That’s what financial experts told the Las Vegas Convention and Visitors Authority board of directors on Friday during a talk about a plan by Gov. Jim Gibbons to shift $424 million in room tax revenue from tourism and convention promotion to road construction.
The hidden costs would come in the form of reduced borrowing power and higher interest rates for Nevada public projects if Wall Street lenders think state officials are likely to divert revenue that agencies use to secure billions of dollars in bonds.
Shifting room tax revenue that’s already securing about $234 million in existing bonds could undermine the credibility of future efforts to use projected government revenue to secure borrowed money, said Guy Hobbs, managing director of Hobbs, Ong & Associates.
“There would be a signal to the credit markets that the governing body of this state is inclined to do such a thing,” said Hobbs, whose firm advises the authority. “It is a lousy signal to send to the credit markets.”
Currently, the authority receives 47 percent of the 9 percent tax on hotel rooms in Clark County. This year, the authority will keep $200 million of the $426 million in projected room tax revenue. The rest goes to everything from schools to roads, statewide tourism promotion and payments to local governments.
In its latest budget, the authority also included $28 million to help pay for an $890 million expansion to the Las Vegas Convention Center.
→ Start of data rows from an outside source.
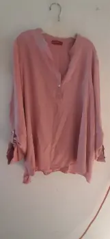 Blusa casual rosa manga larga enrollable. Ligeramente elastica, tono rosa suave. Las mangas se enrollan, cuello redondo, cubre bien el vientre.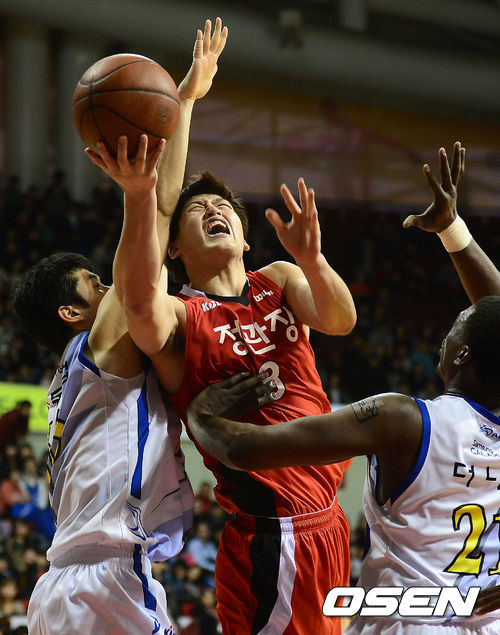 4일 오후 안양실내체육관에서 열린 'KB국민카드 2013-2014 프로농구' 안양KGC와 서울삼성의 경기, 4쿼터 KGC 최현민이 삼성 더니건의 수비를 피해 슛을 시도하고 있다.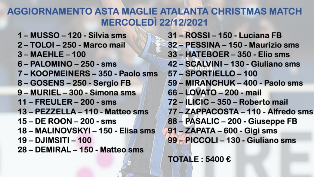 Le offerte possono essere effettuate in qualsiasi momento scrivendo un sms al 335 6969423 oppure un’email scrivendo ad [email protected] oltre che sulla pagina facebook di TuttoAtalanta: sotto la tabella con le offerte aggiornate alle 18 di oggi (22.12).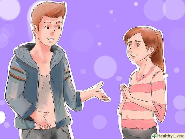 Вчіться розмовляти з новими людьми.намагайтеся щодня розмовляти з незнайомими людьми, щоб перестати соромитися. Заводите бесіди з новим однокласником, продавщицею з продуктового магазину або навіть з гостями сусідів. Якщо ви не заважаєте іншим, то такі бесіди з новими людьми допоможуть підвищити самооцінку, зміцнити впевненість в собі і звільнитися від сором'язливості, яка заважає спілкуватися з дівчатами.- Розмовляючи з незнайомцями, можна навчитися краще розуміти людей і знаходити відповідні теми для обговорення. Ще ви навчитеся вести бесіду в різному темпі, а також прийміть той факт, що розмова може спочатку викликати незручність.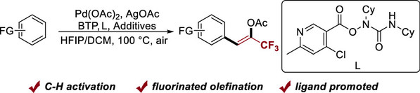 Abstract: Palladium-mediated, ligand-promoted C–H fluorinated olefination of aromatic derivatives is reported employing 2-bromo-3,3,3-trifluoropropene (BTP) as the fluorinating reagent. Bioactive compounds, such as Isatin, exhibited excellent compatibility with this reaction, underscoring the significance of this methodology for the synthesis of important derivatives.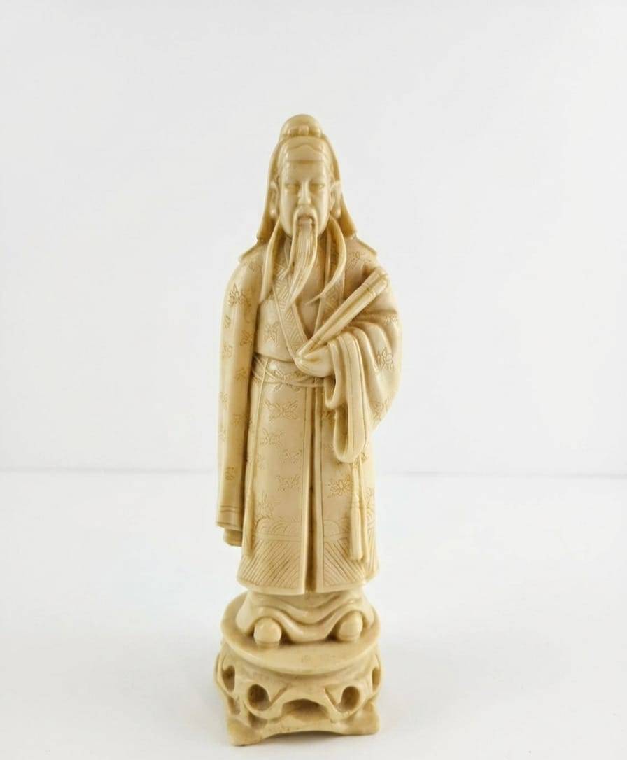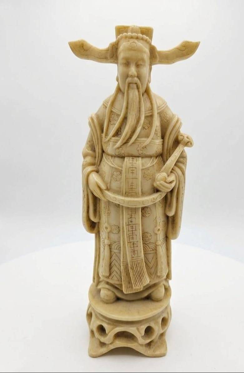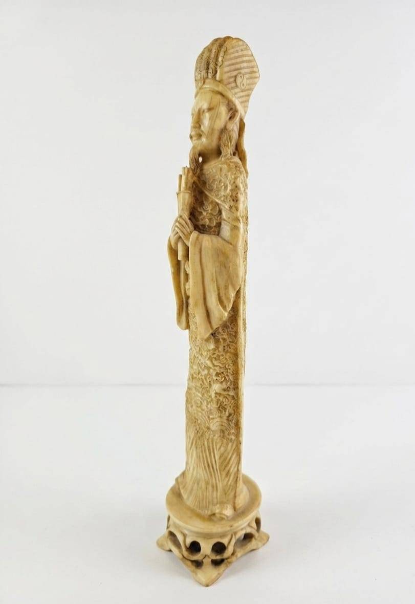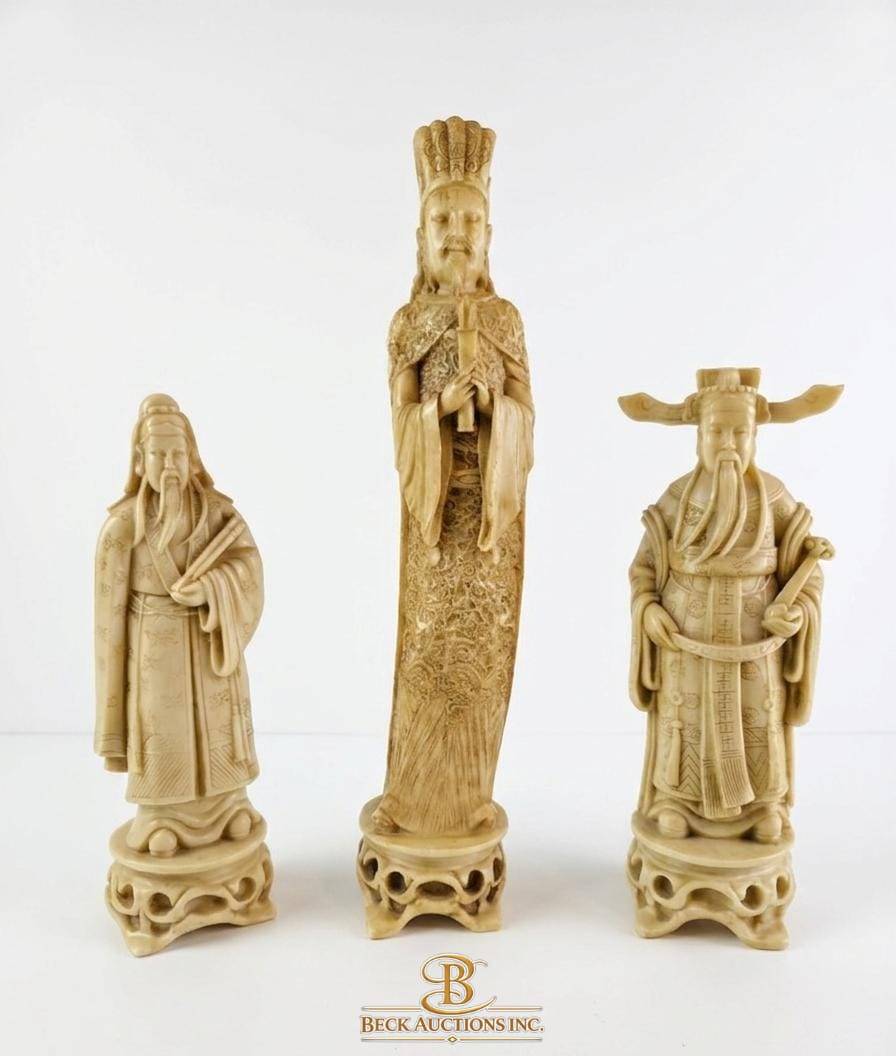 Three intricately crafted figurines with Chinese-inspired designs. The centerpiece figurine stands at 17 inches tall, flanked by two others measuring 11 inches each. These figurines showcase delicate details, elegant robes, and characteristic headpieces, all standing atop ornamental platforms. Perfect for display or as a collectible set.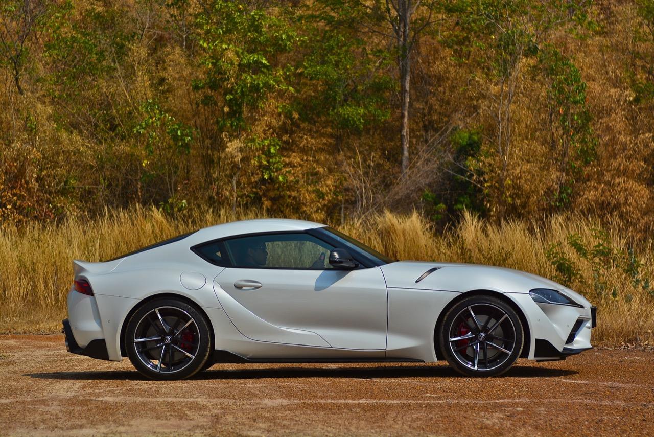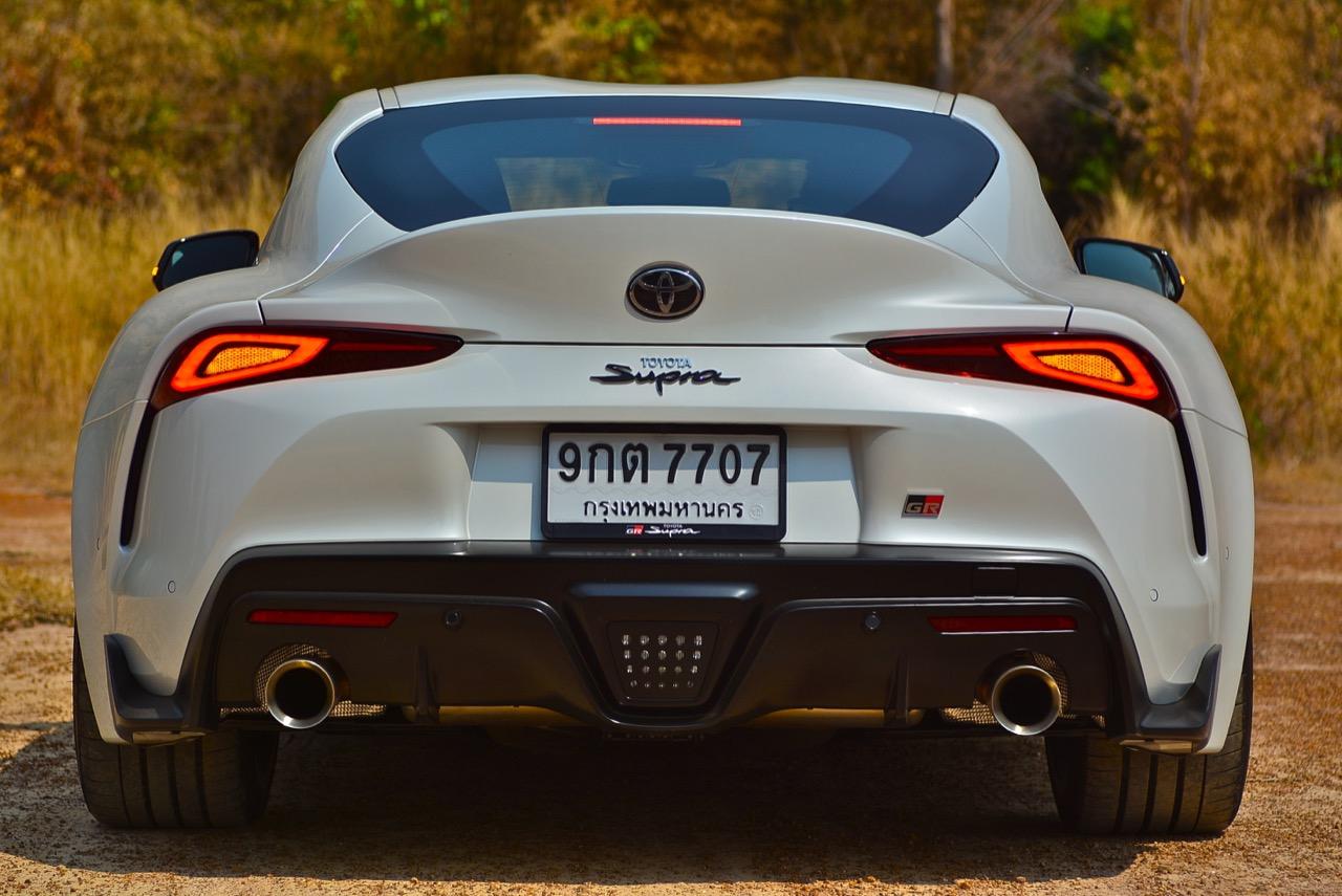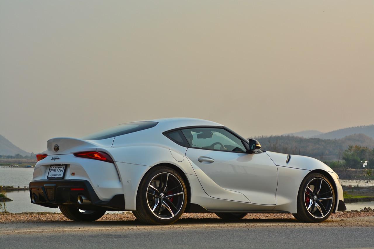 แพลตฟอร์มใหม่ที่ยอดเยี่ยม เครื่องยนต์ 6 สูบเรียงเทอร์โบเดี่ยวคล้ายรุ่นเดิม แต่ทันสมัยและมีประสิทธิภาพสูงกว่าเครื่อง 2JZ GTE ที่กลายเป็นตำนานไปแล้ว อันที่จริงคุณควรจะลืมเครื่องเก่ารุ่นนี้ไปได้แล้วละครับ เพราะความทันสมัยไฮเทคจากเครื่องยนต์ B58B30C ของ BMW มีอะไรให้เล่นและทันสมัยมากกว่าเยอะ กำลังสูงสุด 340 แรงม้า พร้อมชุดเกียร์ ZF แบบใหม่ ที่มีให้สับถึง 8 สปีด ช่วงล่างใหม่ที่มีความโดดเด่น กับภาพลักษณ์แนวรถสปอร์ตญี่ปุ่นเจ้าแห่งตำนานการซิ่ง ซึ่งมีทั้งคนที่ชอบและไม่ชอบ ราคา 4.9 ล้านบาท ของ Toyota GR Supra A90 เปิดทางเลือกให้กับลูกค้าที่กำลังเล็ง Porache Cayman แต่เงินไม่พอ สามารถสัมผัสประสบการณ์ของการควบคุมพร้อมกลิ่นอายของรถซิ่ง ที่ผสมผสานกันระหว่างความเฉียบคมของดาบซามูไร และความอร่อยของไส้กรอกเยอรมันที่ถูกย่างมาเป็นอย่างดี เสน่ห์ของ Supra คือการที่มันเป็นรถที่ผู้คนให้ความสนใจ ซึ่งก็มีทั้งคนที่ชอบและไม่ชอบ รูปลักษณ์ด้านหน้ามีกลิ่นไอของ Toyota FT-1 Concept ไฟหน้า LED กับไฟ Daytime Running Lights ดูเรียบร้อยไม่ค่อยจะดุร้ายสายโหดเท่าที่ควร คล้ายกับการซ่อนความร้ายกาจเอาไว้ภายใต้ใบหน้าที่อ่อนโยน! โป่งซุ้มล้ออย่างใหญ่ทั้งหน้าและหลังทำให้ทรงด้านข้างของมันคล้ายกับขวดโค้ก ช่องอากาศด้านข้างโค้งเว้าและเข้ากับแนวเส้นโค้งของบานประตู กระจกที่กรอบปิดกับผืนหลังคาและเสาหน้าทำออกมาคล้ายกับค็อกพิตของเครื่องบินขับไล่ หลังคาที่ออกแบบให้มีความเตี้ยมากกว่าเดิมทำให้การเข้า-ออกจากห้องโดยสารต้องก้มหัวกันพอสมควรไม่งั้นมีหวังหัวโขกกับหลังคาแน่นอน Supra ใหม่ เป็นรถที่กำเนิดขึ้นโดยมีการวิจัยและพัฒนาไปพร้อมๆ กับ BMW Z4 รุ่นใหม่รหัส G29 อย่างไรก็ตาม GR Supra จะมีความชัดเจนกว่าในแง่ของการเป็นรถสปอร์ตขับเคลื่อนล้อหลังที่แตกต่างจากสปอร์ตโรดสเตอร์เปิดประทุนสองที่นั่งอย่าง BMW New Z4 ทั้งคู่ขับได้ดีสูสีกัน แต่ GR Supra จะดิบกว่า และมีตัวถังที่แข็งแรงกว่า เนื่องจากเป็นสปอร์ตคูเป้หลังคาแข็งไม่ใช่ Z4 ที่มีตัวถังเป็นรถเปิดประทุนโรดสเตอร์สองที่นั่งซึ่งต้องใช้การดามแชสซีเพื่อป้องกันอาการบิดตัว แนวคิดของวิศวกร Toyota ที่นำเอา Porsche Cayman มาเป็นรถที่ใช้เปรียบเทียบเมื่อลงมือวิจัยพัฒนา Supra รุ่นใหม่ อันที่จริงแนวทางแบบนี้มันก็คือสิ่งที่ Toyota อยากให้ Toyota 86 มันเป็นมาโดยตลอด แค่นึกอยากจะขับก็สนุกแล้ว ว่าถ้าเราได้รถที่มีลักษณะเหมือน 86 แต่ใหญ่ขึ้นมาอีกนิด มีทรงที่ดุดันขึ้น เกาะถนนมากยิ่งขึ้นแล้วใส่เครื่องยนต์ที่แรงกว่ามาก และมากพอให้เอาไปไล่กวดรถสปอร์ตจากฝั่งยุโรปได้ มันจะดีขนาดไหน? แน่นอนว่ามันดีชั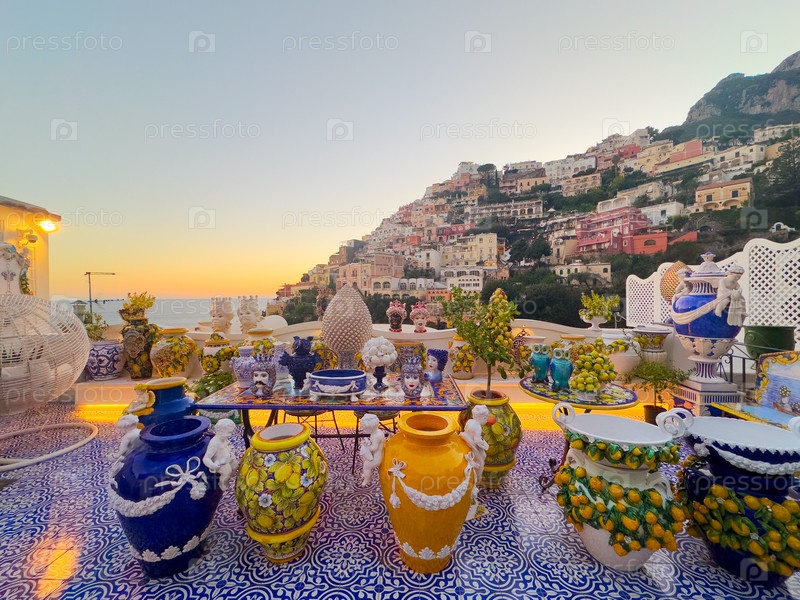 Позитановская бухта ночью - знаменитый старый итальянский курорт, Италия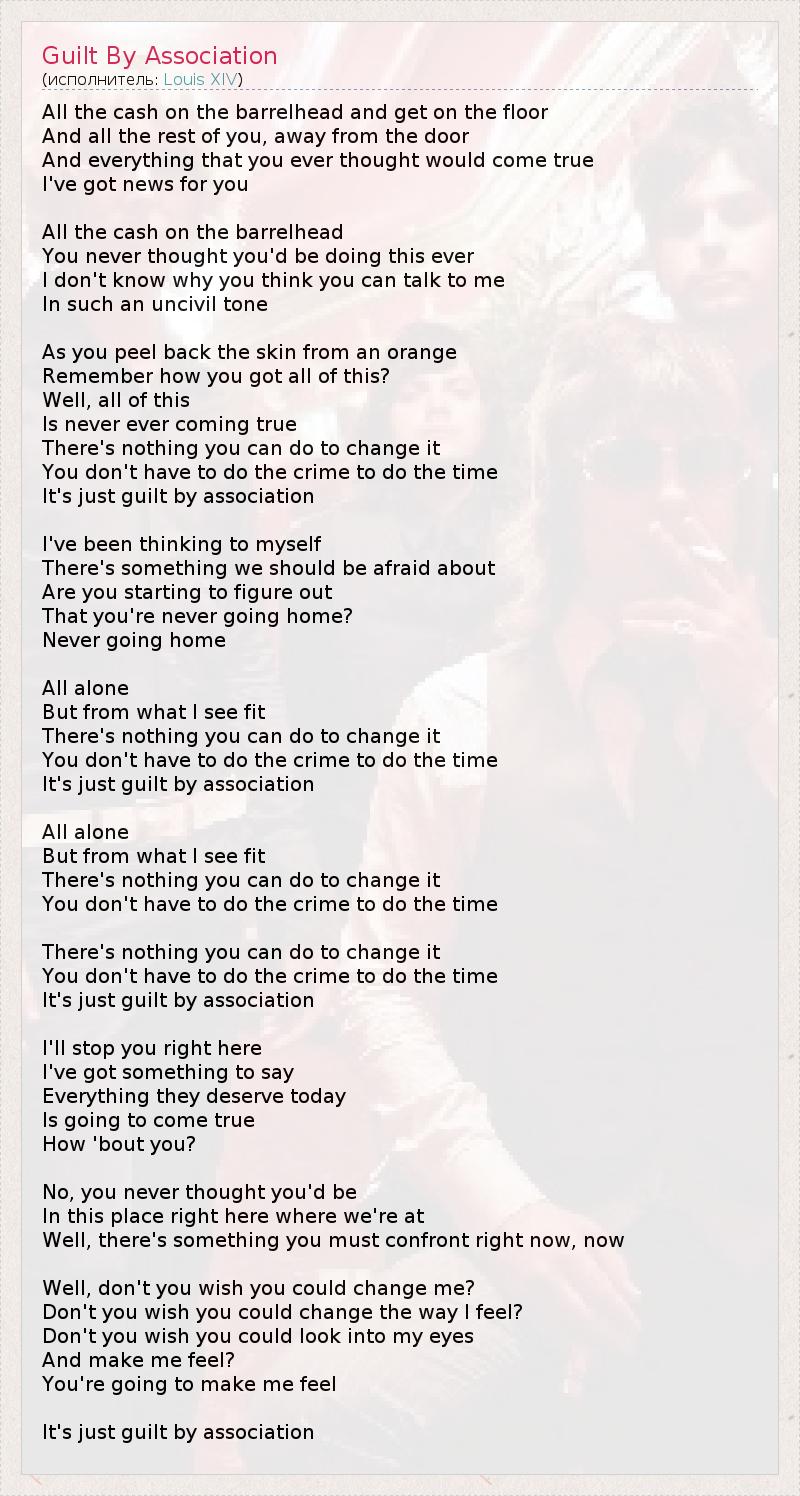 А как ты думаешь, о чем песня "Guilt By Association" ?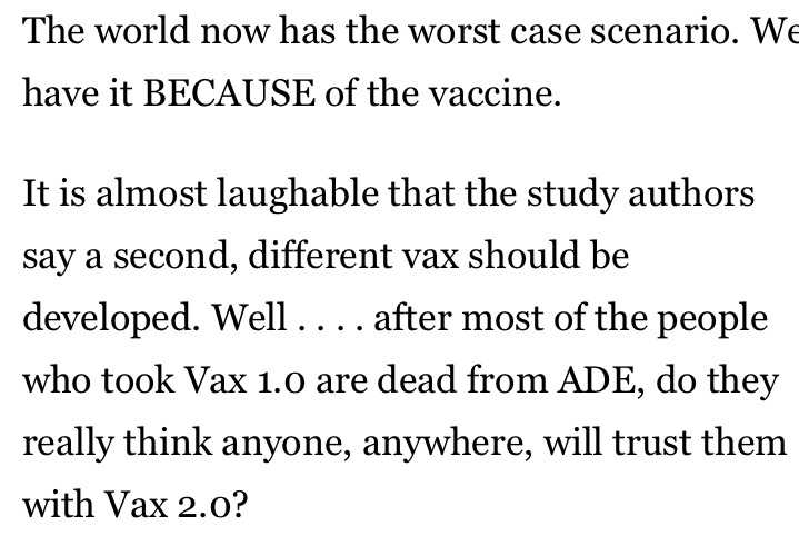研究者たちが2番目の違う種類のワクチン開発が必要だというのを聞くと、もう笑い話です。 それは…Vax1.0を受けた殆どの人々がADEで亡くなった後に、彼らはどこかで誰かがVax2.0を信用するとでも思っているのでしょうか?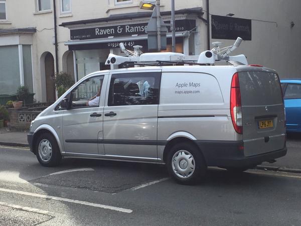 They look a lot like the experimental minivans Apple leased last year, but are painted gray and clearly labeled Apple Maps. They are believed to be gathering detailed data with cameras and lasers.

By 2010, the authority will need to make $72 million in debt service payments annually, an increase of $47 million it now uses to pay debts.
The proposal by Gibbons would raise $424 million for roads in the next eight years by diverting 32 percent of the authority’s room tax revenue. That, and other diversions of sales and entertainment taxes, would secure $2.5 billion in bonds for roads. The selling point of Gibbons’ plan is that it doesn’t call for any tax increases.
“The state has a wonderful deal,” said Bill Weidner, president of Las Vegas Sands Corp. “Most of our income comes from people who are outside the state.”
Weidner, who supports Gibbons’ proposal and is a longtime critic of the authority, said diverting the room tax is relatively painless because the authority could make up the revenue by raising convention rates or increasing operating efficiency.
“They don’t have a clue how to run a business,” Weidner recently said of the authority. “If I ruled the world, I’d privatize it.”
But Hobbs said moving money that is already pledged to secure bonds could be costly. And John Swendseid, the authority’s bond counsel, said it would be illegal. He said bonds are a contract between borrowers and lenders, and the state and federal constitutions prohibit diverting revenue that’s already securing bonds without replacing the money from another source.
Perhaps more costly, however, could be doubts on Wall Street about Nevada’s promises. If bondholders think the state government is willing to shift revenue after it’s been pledged to secure bonds, they may want more money from borrowers to compensate for the risk.
Although the cost of borrowing money isn’t what taxpayers typically think of when they evaluate the worthiness of a new road or pipeline, under current rates it could be 40 percent or more of the bottom line for a project, Hobbs said.
A swing of just one-tenth of 1 percent in interest could add $6 million to the cost of an $800 million project, he said.
“When we are talking about credit ratings, it is very much akin to an individual’s credit score,” Hobbs said. “The lower their credit number, the more it costs to borrow.”